* Directions for this task
Pictures must not appear in the copy. Reproduce exactly, and only, the lines from the one with "1일 오전 청양고(교장" through the end of the data below.

+---+

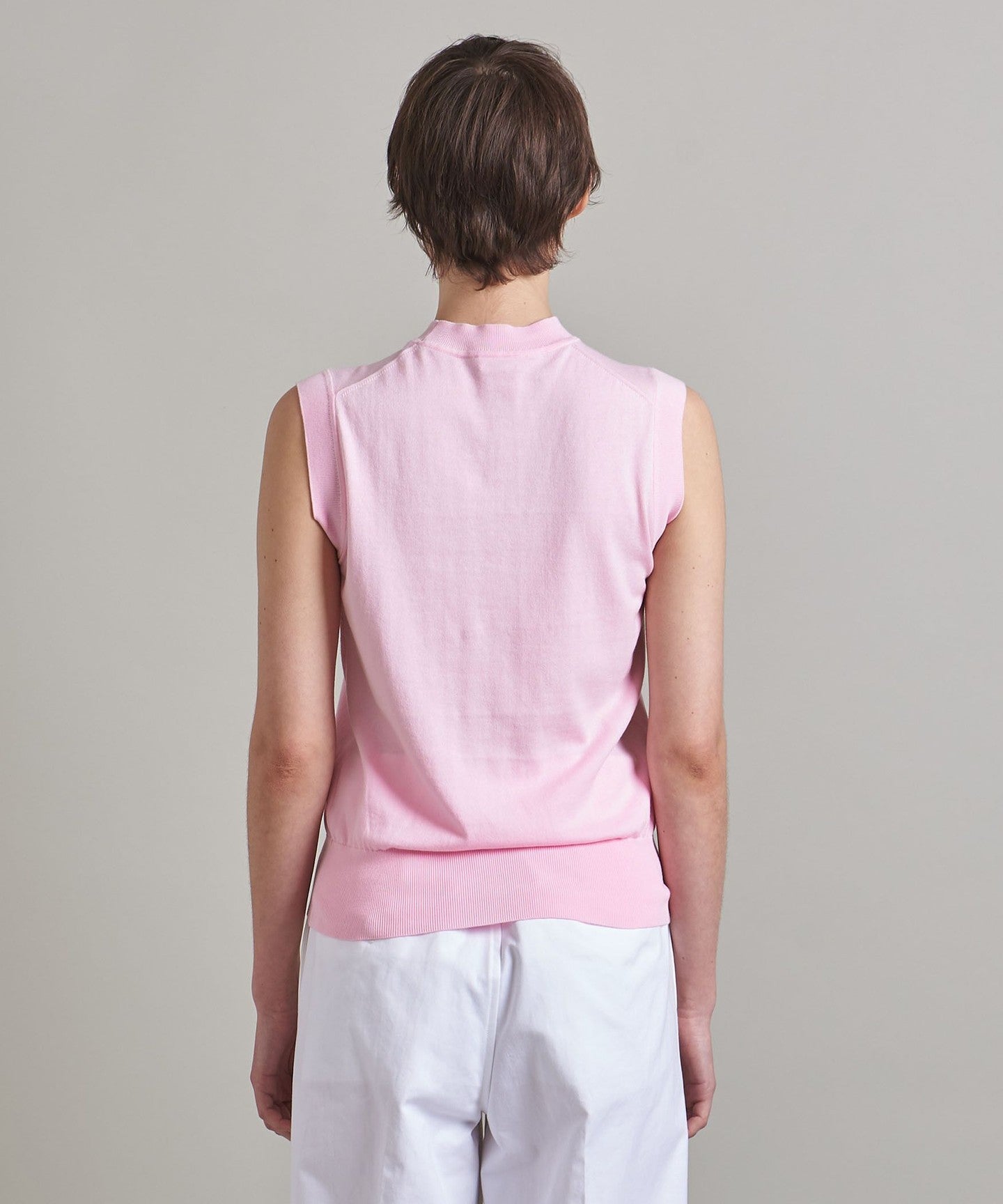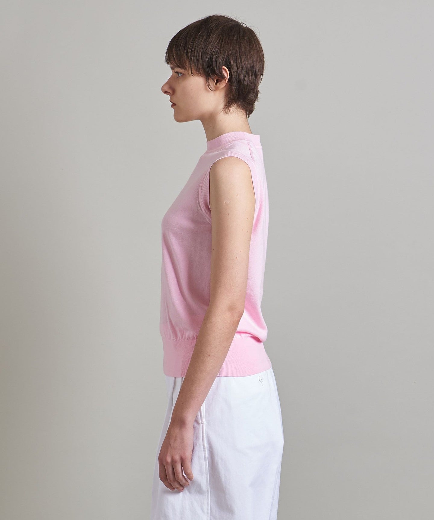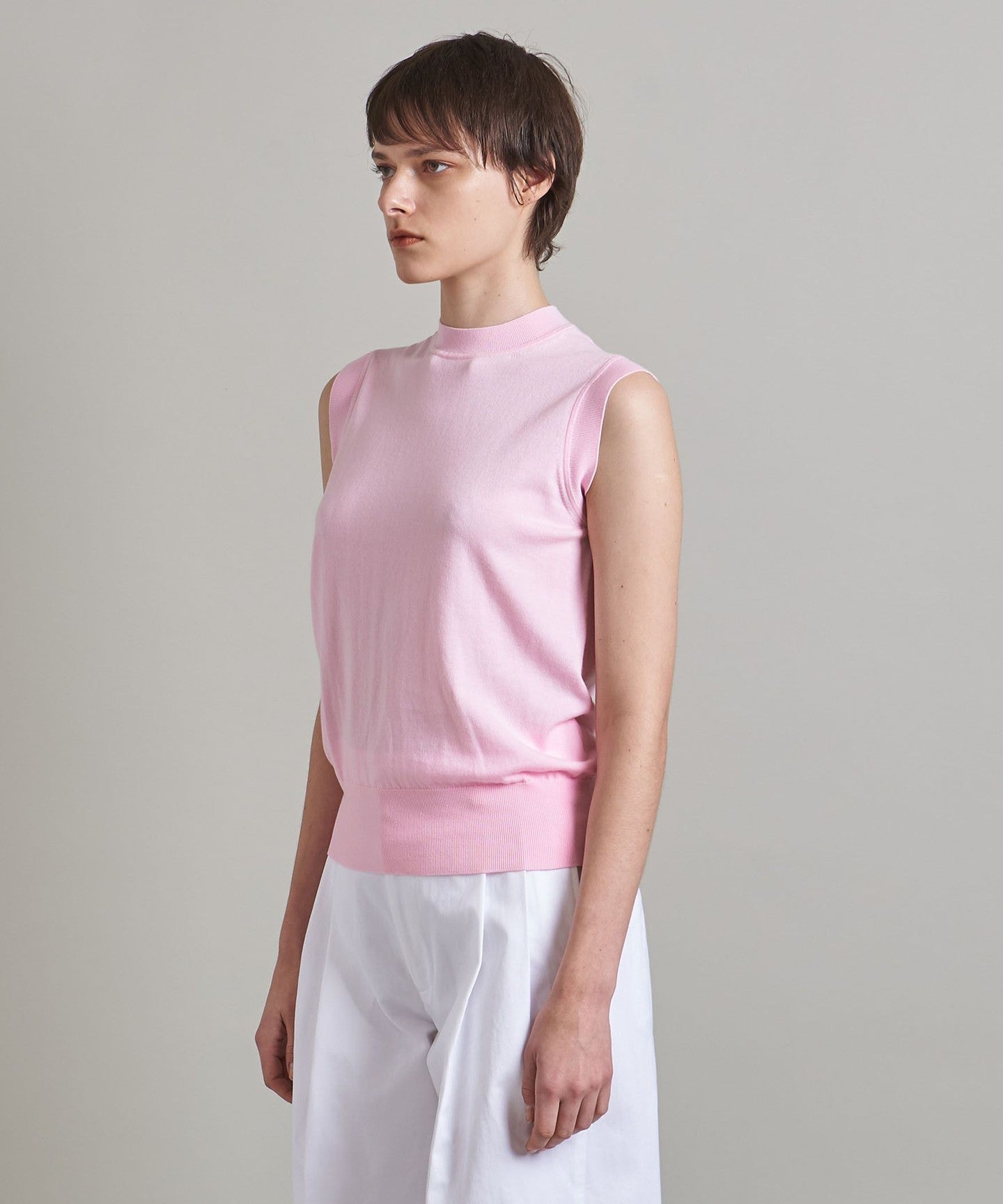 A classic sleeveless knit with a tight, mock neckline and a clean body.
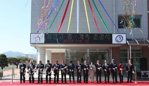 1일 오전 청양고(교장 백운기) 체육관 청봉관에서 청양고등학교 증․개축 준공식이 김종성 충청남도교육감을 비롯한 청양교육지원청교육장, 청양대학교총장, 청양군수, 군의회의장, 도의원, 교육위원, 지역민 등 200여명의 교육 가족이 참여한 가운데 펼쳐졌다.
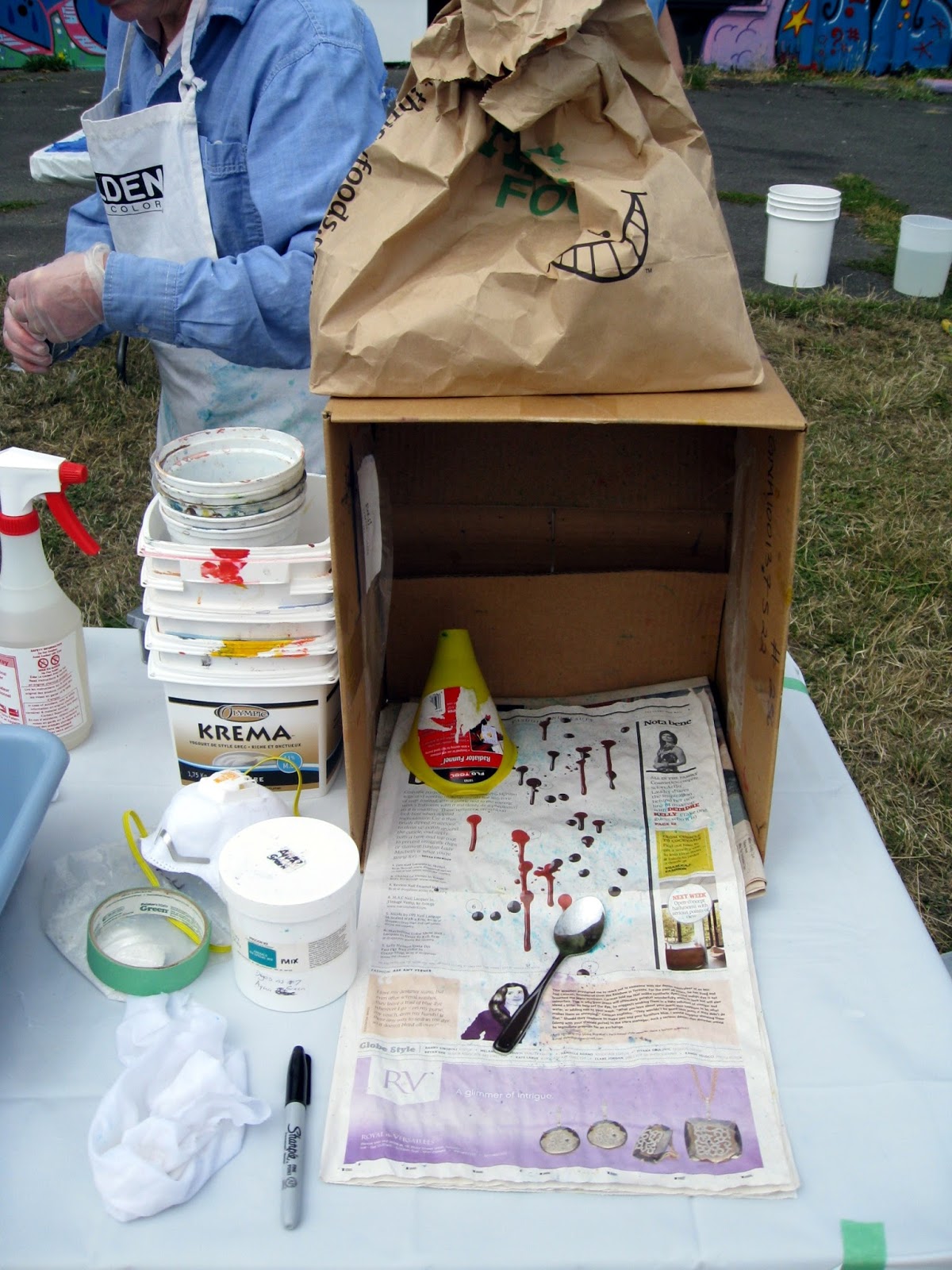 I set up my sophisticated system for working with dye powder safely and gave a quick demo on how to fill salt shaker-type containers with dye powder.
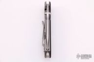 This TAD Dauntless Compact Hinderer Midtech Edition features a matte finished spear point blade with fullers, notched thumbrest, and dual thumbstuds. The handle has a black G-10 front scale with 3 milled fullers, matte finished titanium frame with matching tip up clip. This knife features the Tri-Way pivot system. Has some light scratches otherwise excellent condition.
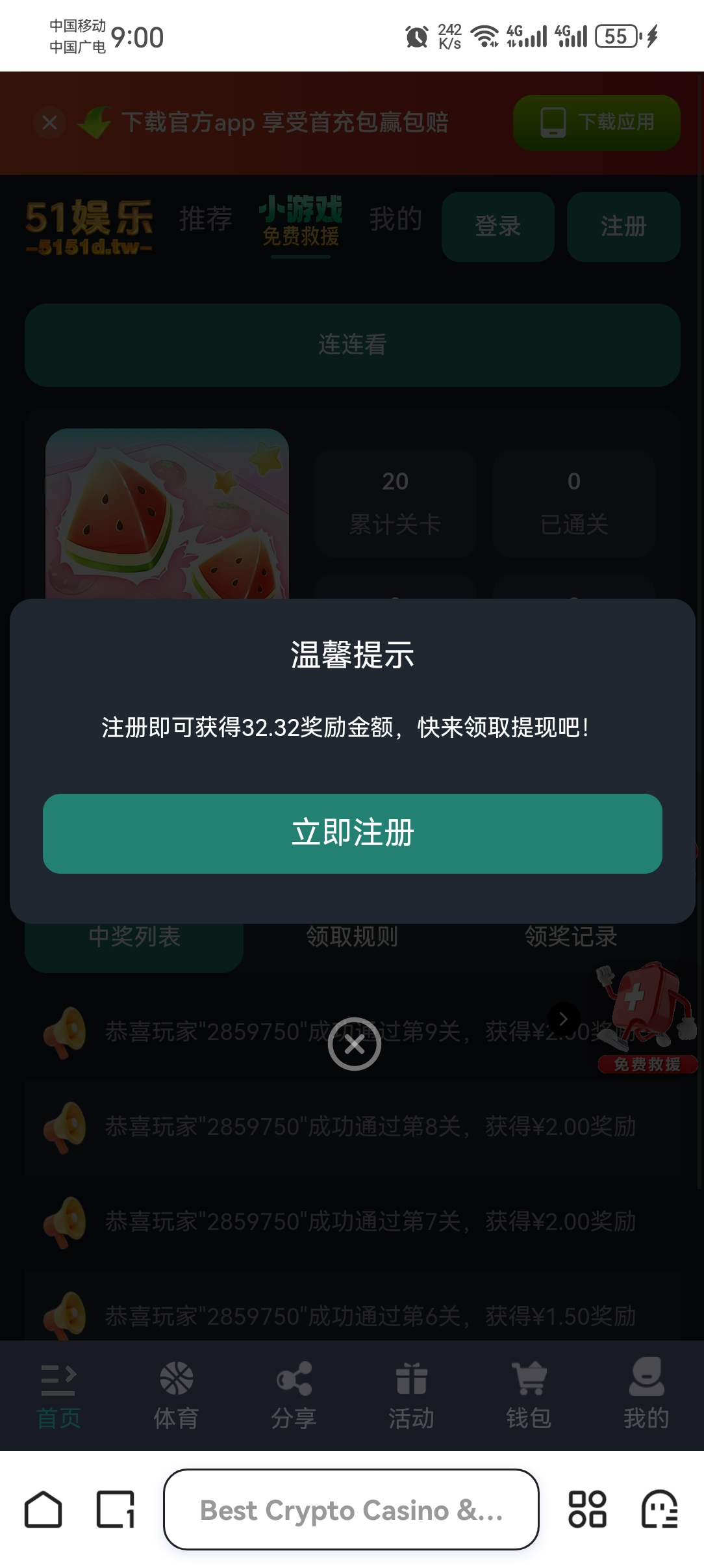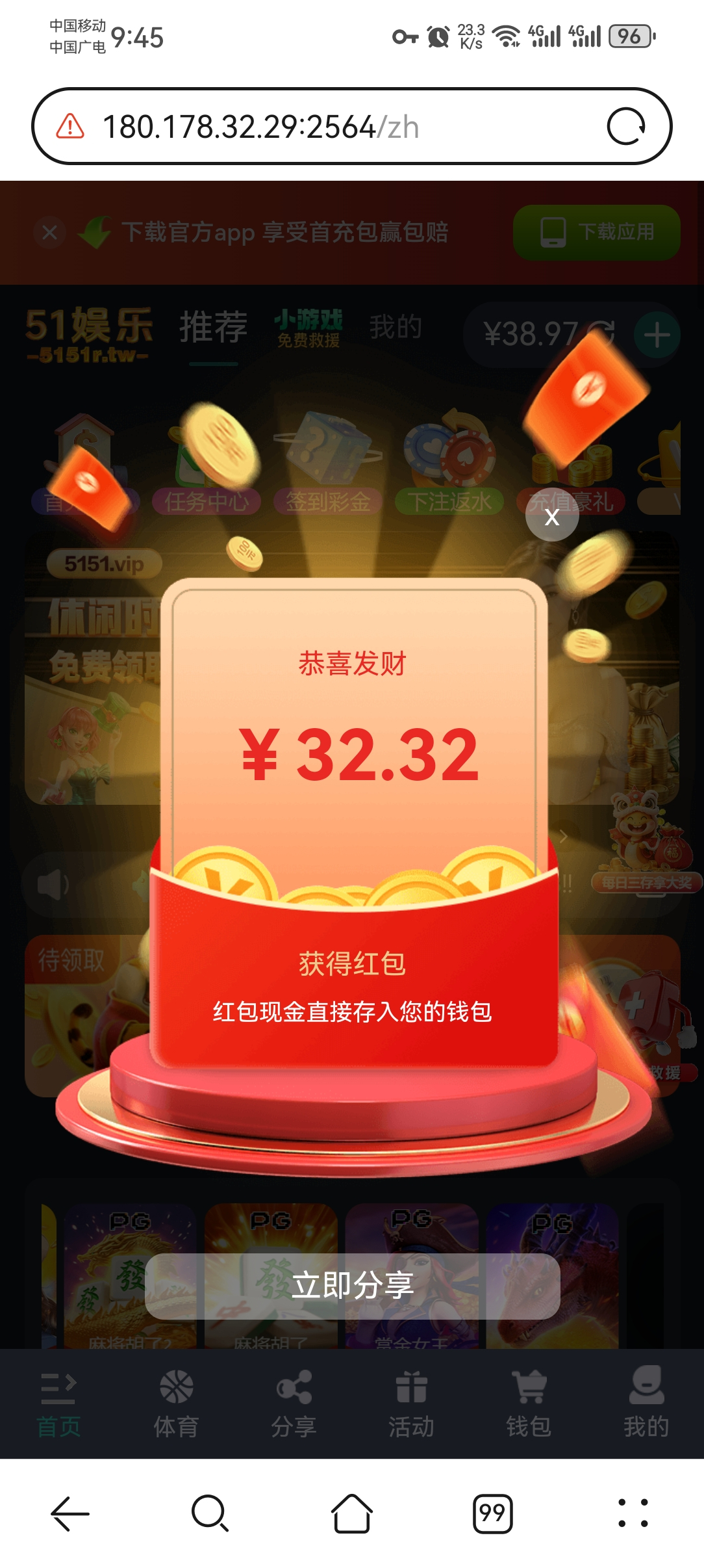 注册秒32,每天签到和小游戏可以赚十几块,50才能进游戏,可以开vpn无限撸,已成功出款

+---+

* Result
 1일 오전 청양고(교장 백운기) 체육관 청봉관에서 청양고등학교 증․개축 준공식이 김종성 충청남도교육감을 비롯한 청양교육지원청교육장, 청양대학교총장, 청양군수, 군의회의장, 도의원, 교육위원, 지역민 등 200여명의 교육 가족이 참여한 가운데 펼쳐졌다.
 I set up my sophisticated system for working with dye powder safely and gave a quick demo on how to fill salt shaker-type containers with dye powder.
 This TAD Dauntless Compact Hinderer Midtech Edition features a matte finished spear point blade with fullers, notched thumbrest, and dual thumbstuds. The handle has a black G-10 front scale with 3 milled fullers, matte finished titanium frame with matching tip up clip. This knife features the Tri-Way pivot system. Has some light scratches otherwise excellent condition.
 注册秒32,每天签到和小游戏可以赚十几块,50才能进游戏,可以开vpn无限撸,已成功出款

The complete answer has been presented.